Certificate Management

CSP optional add‑on capabilities for deploying Public Key Infrastructure (PKI) functionality in clustered configurations, with usage limitations depending on the purchased license packages:

  • Certification Authority Package, includes:
  • Certificate authority solution providing certificate issuance, management, and validation, with built‑in RESTful APIs for the CAs created and managed within the CSP.
  • Certificate Enrollment Gateway (CEG): a collection of certificate enrollment protocols. In this package, CEG may only be used for certificates created and managed within CSP.
  • Advanced PKI Package, includes:
  • Timestamping Authority: software to prove that data existed at a specific time.
  • Validation Authority: certificate validation (OCSP) software specifically for (non-CSP) ECA.
  • CA Gateway: software consisting of RESTful APIs for integrating CAs.  In this package, CA Gateway may only be used to integrate CSP with ECA.
  • Advanced CLM Package, includes:
  • Certificate Manager (formerly Certificate Hub): Certificate lifecycle management and automation across CAs created and managed within the CSP and third‑party CAs, excluding CA functionality.
  • CA Gateway: In this package, it is permissible to use CA Gateway for integration with CSP CAs and non-CSP CAs.
  • Certificate Enrollment Gateway: In this package, it is permissible to use Certificate Enrollment Gateway for certificates created by both CSP and non-CSP CAs.

Keys and Secrets Management

CSP optional add-on capability for deploying multiple vault appliances in active-active Vault Clusters. Appears on Orders as “Compliance Manager - 2 Nodes Virtual Appliance Cluster for Vaults.” A Vault Cluster is a secure CSP software component that provides an isolated environment for managing cryptographic keys, secrets, and related objects.
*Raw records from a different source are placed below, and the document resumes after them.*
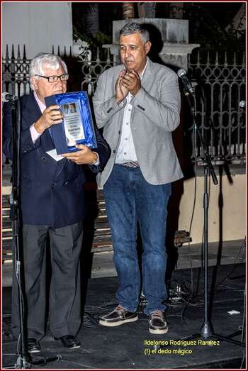 El acto se aprovechó también para tributarle un merecido hy cálido homenaje a David Hatchuell, veterano periodista y locutor radiofónico, al que que quiso sumar la Concejalía de Festejos del Ayuntamiento de Telde con la presencia de su titular, Servando González (NC). Hatchuell, muy emocionado, agradeció el detalle y recordó sus estrechas vinculaciones familiares y profesionales con esta ciudad.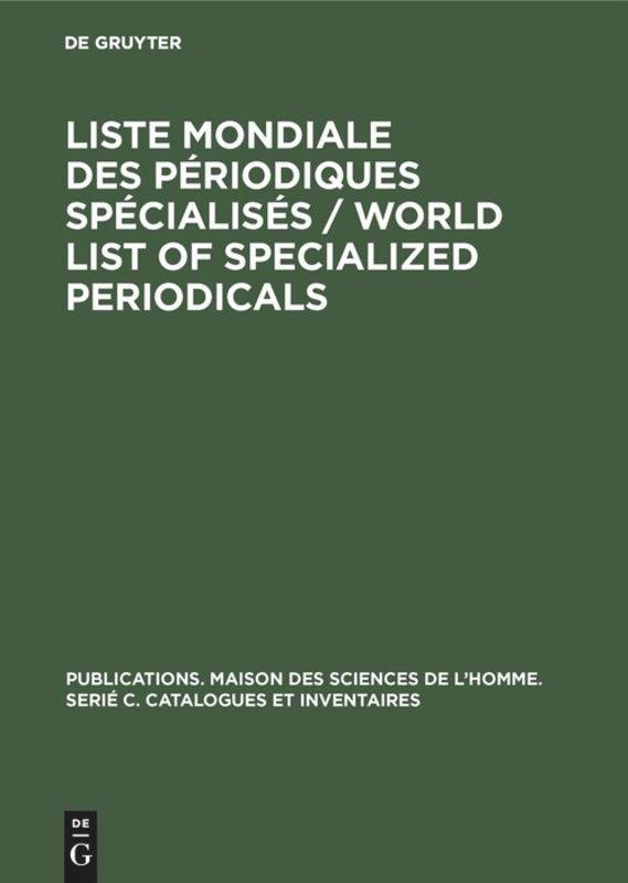 Liste mondiale des périodiques spécialisés / World list of specialized periodicals (německy)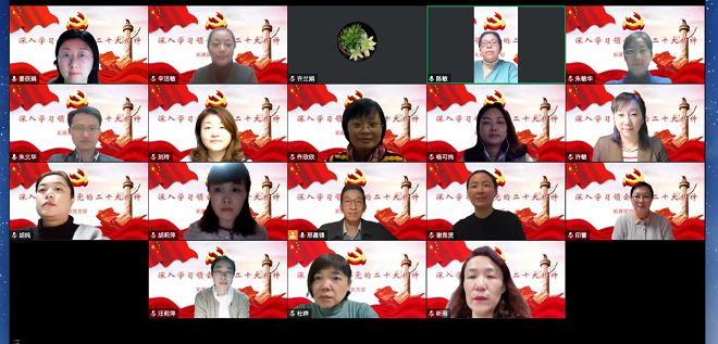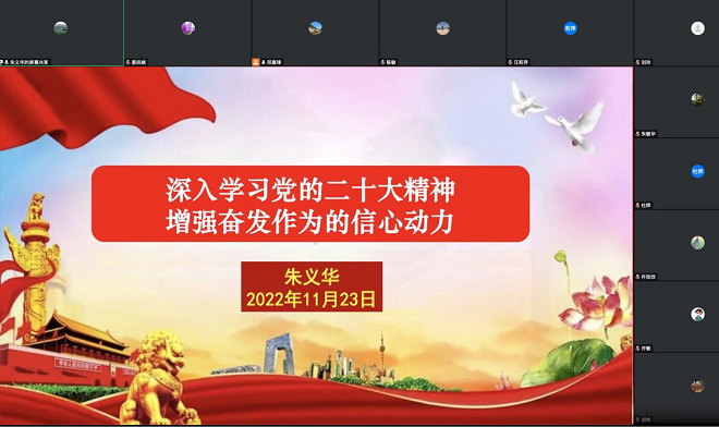 11月23日晚,拓展部党支部组织党员教师召开以“深入学习领会党的二十大精神”为主题的线上支部政治学习。会议由支部书记邢嘉锋老师主持,朱义华副经理莅临线上会议室并讲授了专题党课——“深入学习党的二十大精神,增强奋发作为的信心动力”。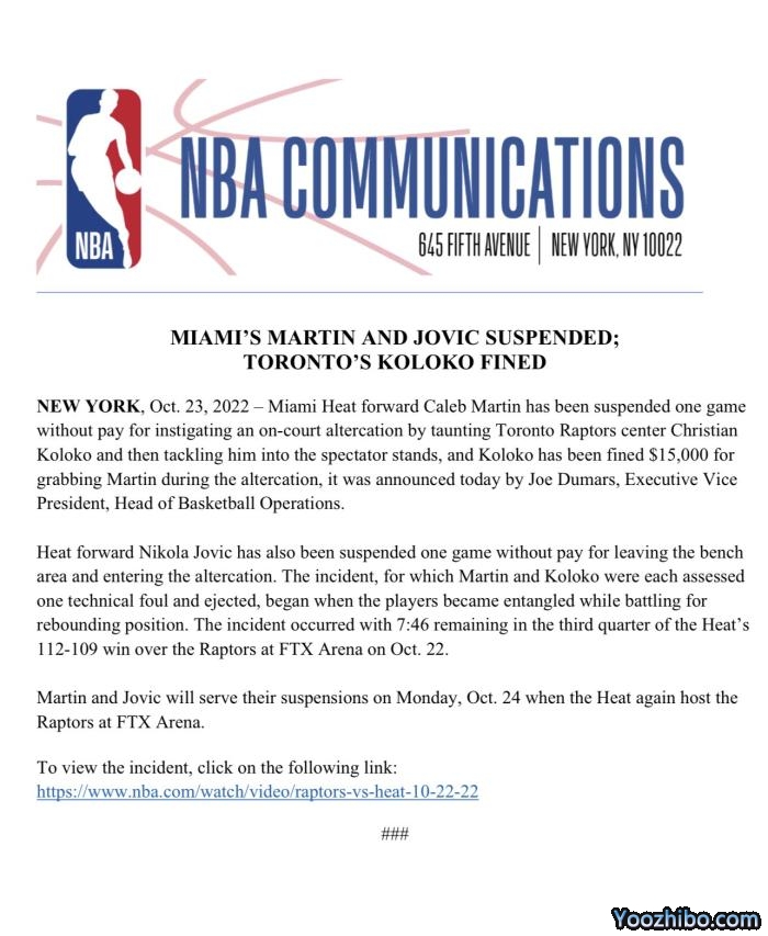 24直播网10月24日,NBA官方正式公布新赛季重磅罚单罚单,热火球星科雷布-马丁和约维奇都被禁赛一场,猛龙球员科洛克被罚款1.5万美元。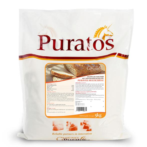 Bột trộn bánh mì ngũ cốc Puravita cung cấp 16% lượng chất xơ hàng ngày. Với thành phần chủ yếu là lúa mì, lúa mạch đen, bột đậu nành, bột yến mạch thô, lúa mạch, sản phẩm sẽ mang lại hương vị thơm ngon đặc trưng của ngũ cốc, chứa hàm lượng dinh dưỡng cao và cung cấp khoáng chất cho cơ thể.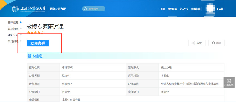进入开云电竞注册流程网上办事大厅(网址:ehall.shisu.edu.cn),选择业务部门为教务处分类下“教授专题研讨课”模块,通过统一身份认证登录后,点击“立即办理”。
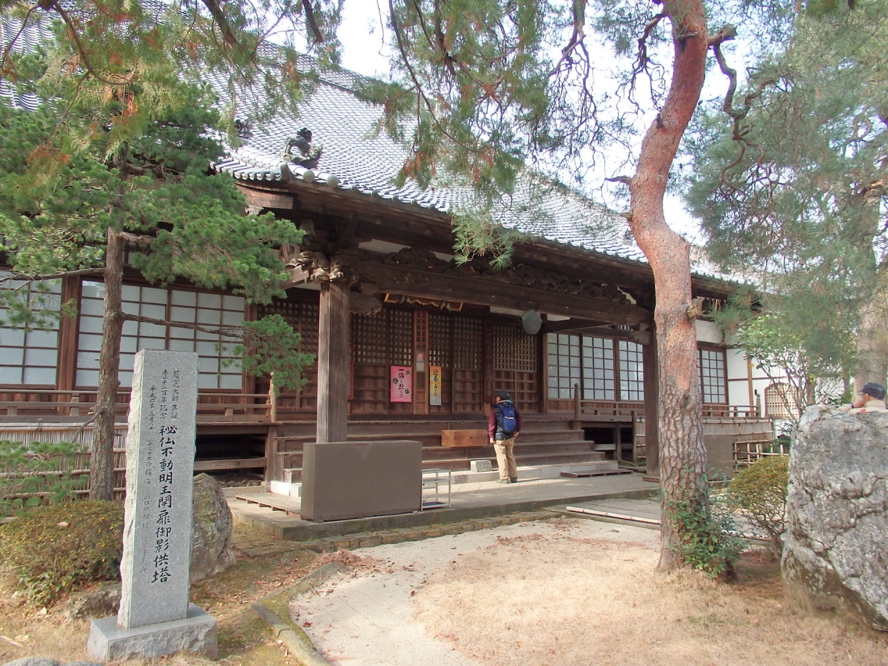 釈迦牟尼如来です。こじんまりしたお寺で、門を入る正面に本堂があります。山門手前に「不許葷酒入山門」と書かれた石柱が建っています。これはにんにく、ねぎ、ニラ等香りの強い野菜と酒は修行僧の心を乱すので持ち込まないようにという注意書きのようなものですますが、境内には二人に会ったのみで、静かにお参りすることができました

Vault Clusters securely generate, store, protect, and control access to cryptographic material while enforcing strong security controls and auditability.

Each Vault Cluster can manage one or more of the following vault types:

  • Vault for KMIP Keys: Cryptographic keys, secrets, and certificates managed using the Key Management Interoperability Protocol (KMIP), enabling standardized and interoperable key lifecycle management across heterogeneous environments and applications.
  • Vault for Cloud Keys: Encryption keys used in cloud key management services—such as AWS KMS, Azure Key Vault, and Google Cloud KMS—to protect cloud‑native workloads and data. CSP supports bring‑your‑own‑key (BYOK), hold‑your‑own‑key (HYOK), and native key management models, depending on the target cloud service.
  • Vault for Secrets: Sensitive data such as passwords, API keys, access tokens, and credentials that require secure storage, access control, and lifecycle management.
  • Vault for Application Keys: Cryptographic keys used by applications to perform cryptographic operations—such as encryption, digital signatures, and hashing—via CSP cryptographic APIs or command‑line interfaces.
  • Vault for TDE Database Keys: Encryption keys used to protect databases with Transparent Data Encryption (TDE), including Oracle, Microsoft SQL Server, MariaDB, and open‑source PostgreSQL, ensuring data at rest is encrypted.
  • Vault of Virtual Machine Encryption Keys: Cryptographic keys used to encrypt Windows and Linux virtual machine operating system disks and attached data volumes in virtualized environments.

File Encryption 

File Encryption is a CSP software component that encrypts file‑based data and may be deployed in a clustered configuration. File Encryption supports both:

  • Software‑based encryption, where hardware HSM protection is not required, and
  • Hardware‑based encryption, leveraging Entrust HSMs for enhanced key protection.

The File Encryption capability includes 10 GB of protected data capacity. Additional encrypted data capacity may be added by purchasing 1 TB add‑on annual subscriptions.